# [INSTRUCTIONS TO FOLLOW]
Print the lines below from the line with "意味不明あだ名 | 『ペロリンさなだ』『さなだフォーエバー』 |" to the line with "- натуральное кружево, шитье, тесьма" exactly, keeping both ends, and print no pictures.

# [INPUT DATA]
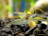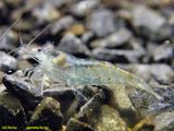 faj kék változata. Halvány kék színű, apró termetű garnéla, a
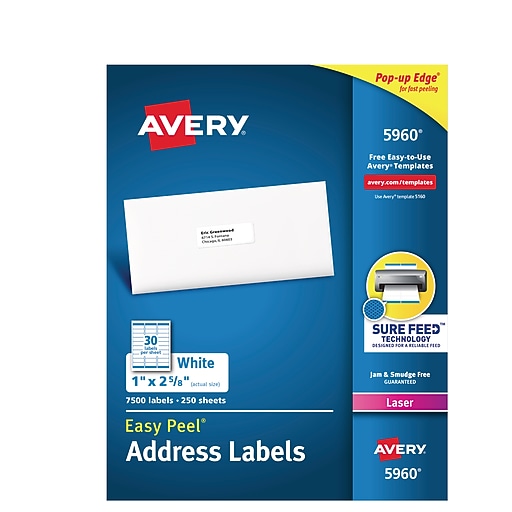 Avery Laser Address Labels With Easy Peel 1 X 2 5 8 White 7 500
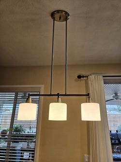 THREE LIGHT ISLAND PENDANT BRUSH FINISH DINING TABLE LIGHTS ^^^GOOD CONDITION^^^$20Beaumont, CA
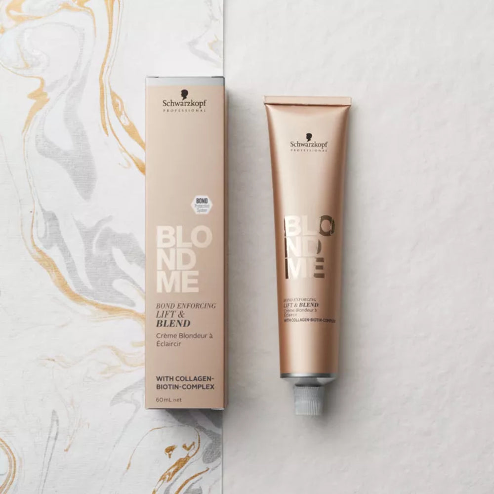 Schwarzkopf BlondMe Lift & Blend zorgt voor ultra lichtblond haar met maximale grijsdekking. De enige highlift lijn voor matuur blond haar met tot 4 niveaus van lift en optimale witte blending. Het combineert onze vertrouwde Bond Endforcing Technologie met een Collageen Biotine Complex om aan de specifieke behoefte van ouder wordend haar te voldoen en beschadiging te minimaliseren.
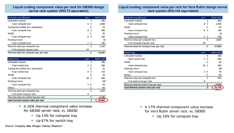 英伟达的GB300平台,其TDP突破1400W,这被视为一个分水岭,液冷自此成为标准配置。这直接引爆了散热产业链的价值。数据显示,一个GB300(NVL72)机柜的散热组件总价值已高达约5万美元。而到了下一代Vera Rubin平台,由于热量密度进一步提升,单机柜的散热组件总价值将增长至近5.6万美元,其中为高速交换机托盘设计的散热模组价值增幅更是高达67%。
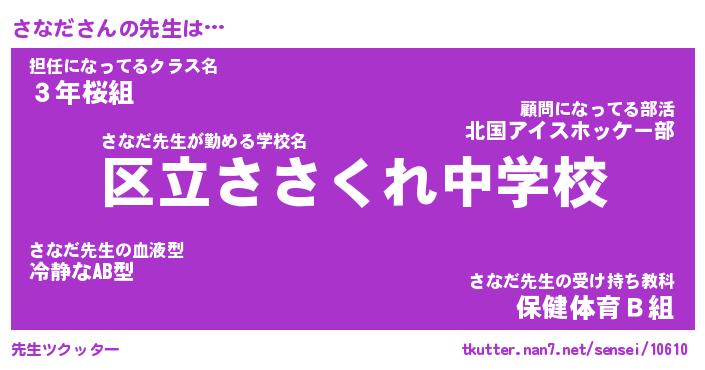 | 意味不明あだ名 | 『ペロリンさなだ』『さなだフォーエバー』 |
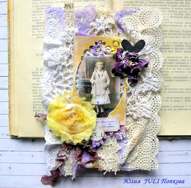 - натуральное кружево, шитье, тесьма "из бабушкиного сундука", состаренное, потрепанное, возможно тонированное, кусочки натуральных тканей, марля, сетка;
---
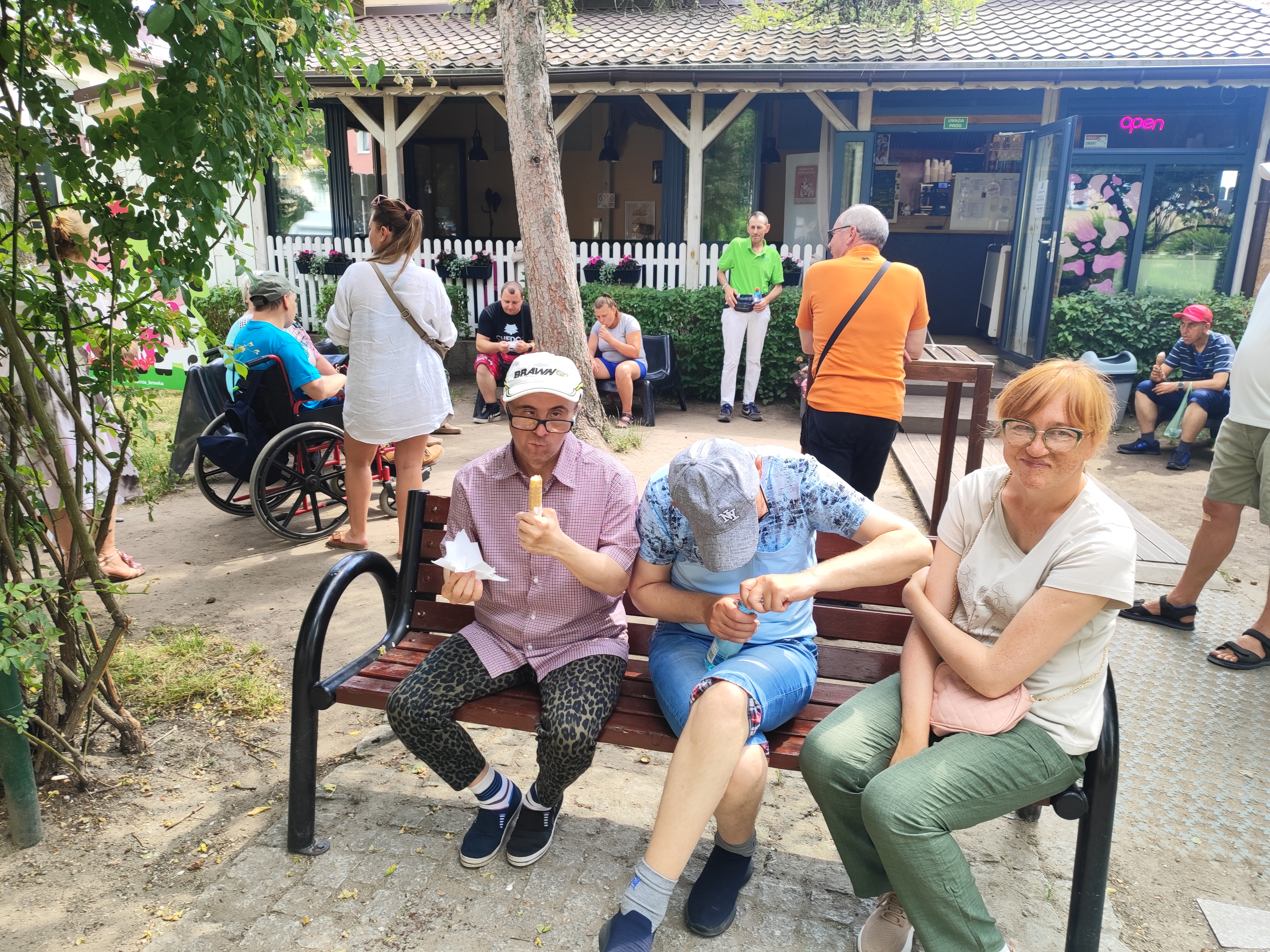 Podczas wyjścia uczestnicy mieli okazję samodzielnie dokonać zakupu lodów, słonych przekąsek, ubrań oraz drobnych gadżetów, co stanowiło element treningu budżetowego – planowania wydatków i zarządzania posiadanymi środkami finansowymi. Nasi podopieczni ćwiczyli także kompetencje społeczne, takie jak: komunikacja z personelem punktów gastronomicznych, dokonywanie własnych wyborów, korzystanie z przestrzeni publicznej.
---
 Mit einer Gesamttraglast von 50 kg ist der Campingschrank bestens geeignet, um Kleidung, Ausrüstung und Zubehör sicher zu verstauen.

# [ANSWER TO THE EXERCISE]
 | 意味不明あだ名 | 『ペロリンさなだ』『さなだフォーエバー』 |
 - натуральное кружево, шитье, тесьма "из бабушкиного сундука", состаренное, потрепанное, возможно тонированное, кусочки натуральных тканей, марля, сетка;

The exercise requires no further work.